* **GIVEN DATA**:
┌──
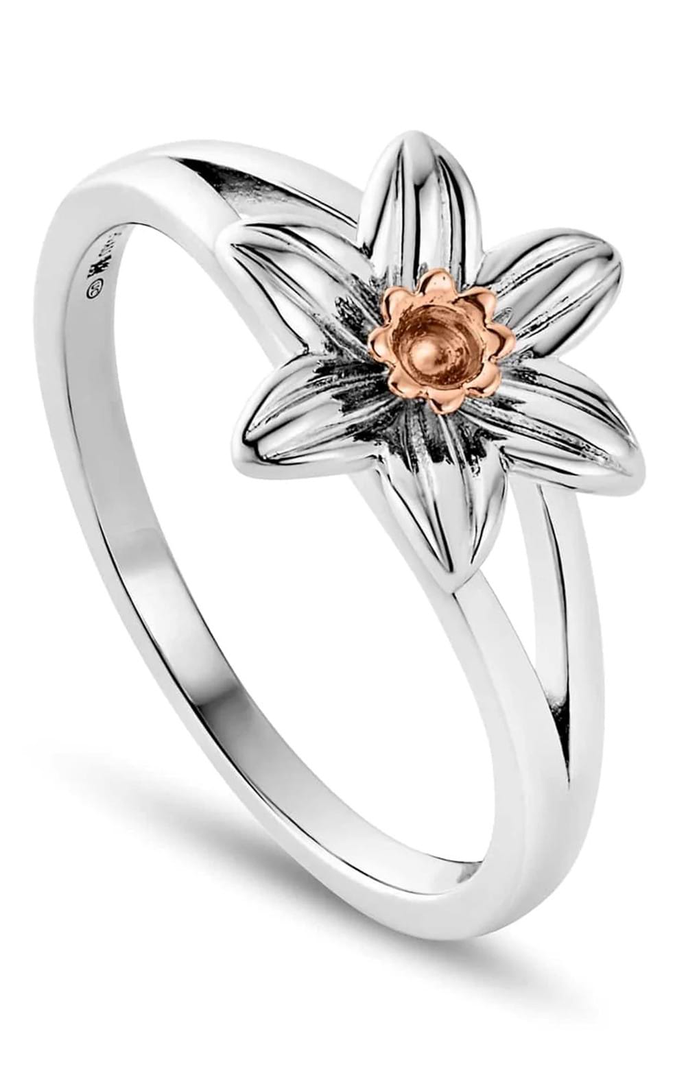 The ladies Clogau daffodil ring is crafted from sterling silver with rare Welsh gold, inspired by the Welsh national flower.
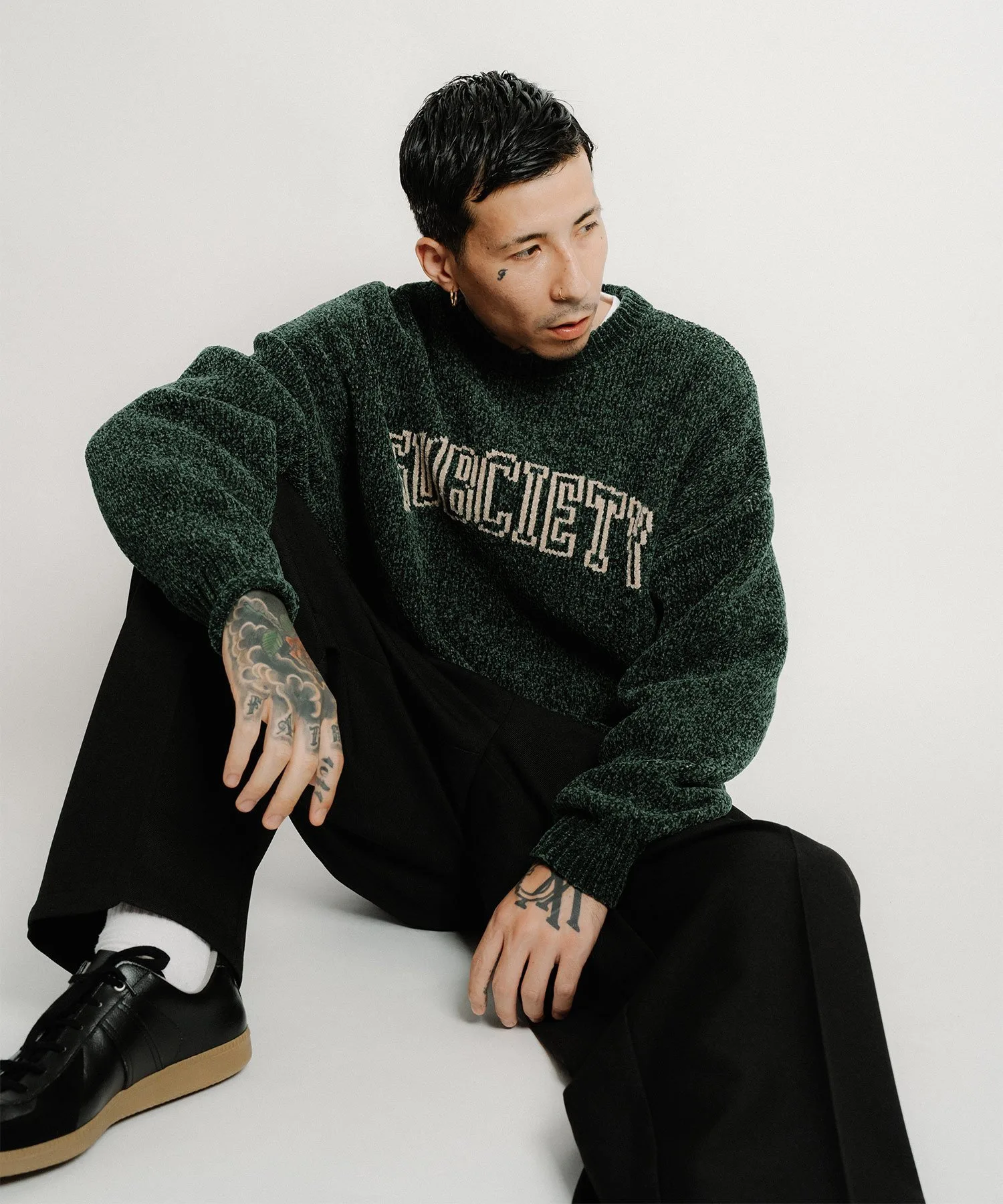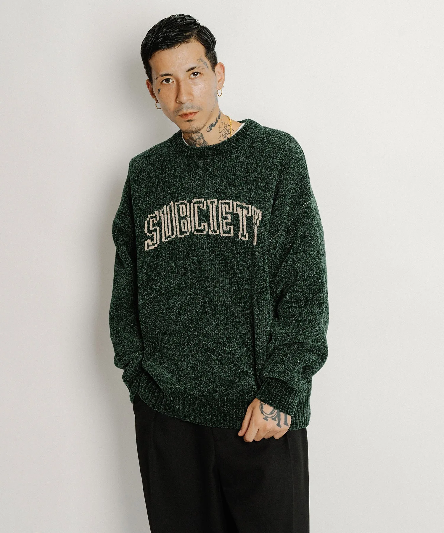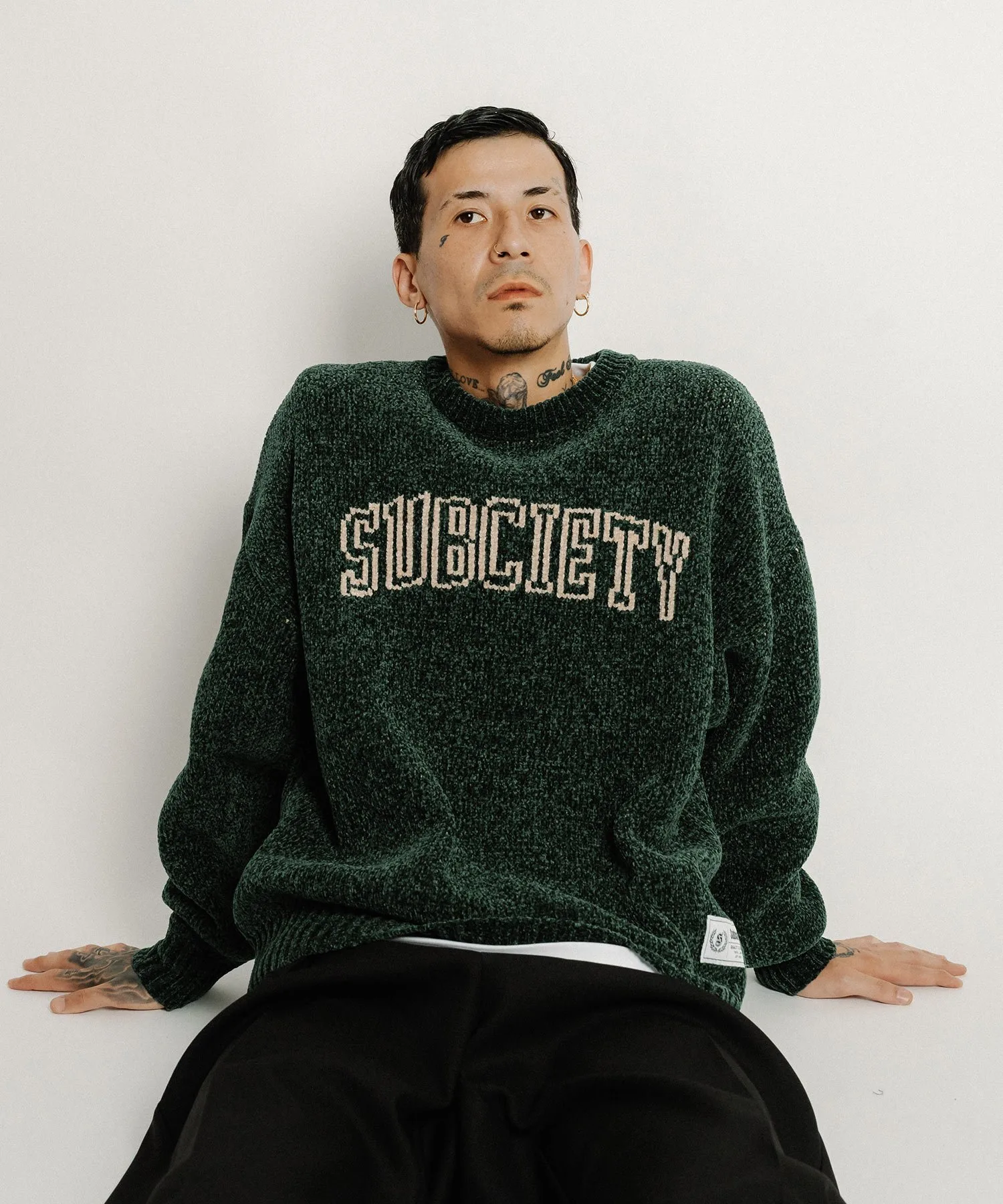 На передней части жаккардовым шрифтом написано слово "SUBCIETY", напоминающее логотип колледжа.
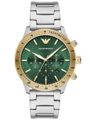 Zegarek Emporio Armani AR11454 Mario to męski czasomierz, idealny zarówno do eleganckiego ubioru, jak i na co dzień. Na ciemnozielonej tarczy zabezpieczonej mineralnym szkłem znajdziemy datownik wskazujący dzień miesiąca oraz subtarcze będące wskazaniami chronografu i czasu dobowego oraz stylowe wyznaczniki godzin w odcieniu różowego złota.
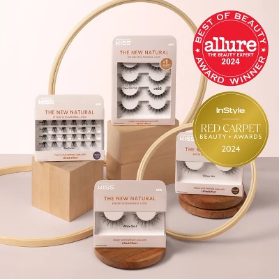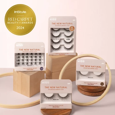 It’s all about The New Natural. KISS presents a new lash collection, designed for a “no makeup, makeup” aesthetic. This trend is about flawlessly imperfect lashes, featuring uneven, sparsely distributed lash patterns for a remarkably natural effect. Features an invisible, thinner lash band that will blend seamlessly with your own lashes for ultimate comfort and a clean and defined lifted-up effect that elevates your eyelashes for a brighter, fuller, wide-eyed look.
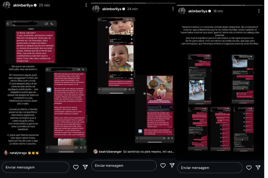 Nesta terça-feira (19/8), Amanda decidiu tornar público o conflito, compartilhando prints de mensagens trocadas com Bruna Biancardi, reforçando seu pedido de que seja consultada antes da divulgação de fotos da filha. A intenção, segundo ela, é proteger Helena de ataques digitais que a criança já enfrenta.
└──
* **EXERCISE BRIEF**:
Word for word, restate the records shown above, minus the pictures.

* **TASK RESPONSE**:
 The ladies Clogau daffodil ring is crafted from sterling silver with rare Welsh gold, inspired by the Welsh national flower.
 На передней части жаккардовым шрифтом написано слово "SUBCIETY", напоминающее логотип колледжа.
 Zegarek Emporio Armani AR11454 Mario to męski czasomierz, idealny zarówno do eleganckiego ubioru, jak i na co dzień. Na ciemnozielonej tarczy zabezpieczonej mineralnym szkłem znajdziemy datownik wskazujący dzień miesiąca oraz subtarcze będące wskazaniami chronografu i czasu dobowego oraz stylowe wyznaczniki godzin w odcieniu różowego złota.
 It’s all about The New Natural. KISS presents a new lash collection, designed for a “no makeup, makeup” aesthetic. This trend is about flawlessly imperfect lashes, featuring uneven, sparsely distributed lash patterns for a remarkably natural effect. Features an invisible, thinner lash band that will blend seamlessly with your own lashes for ultimate comfort and a clean and defined lifted-up effect that elevates your eyelashes for a brighter, fuller, wide-eyed look.
 Nesta terça-feira (19/8), Amanda decidiu tornar público o conflito, compartilhando prints de mensagens trocadas com Bruna Biancardi, reforçando seu pedido de que seja consultada antes da divulgação de fotos da filha. A intenção, segundo ela, é proteger Helena de ataques digitais que a criança já enfrenta.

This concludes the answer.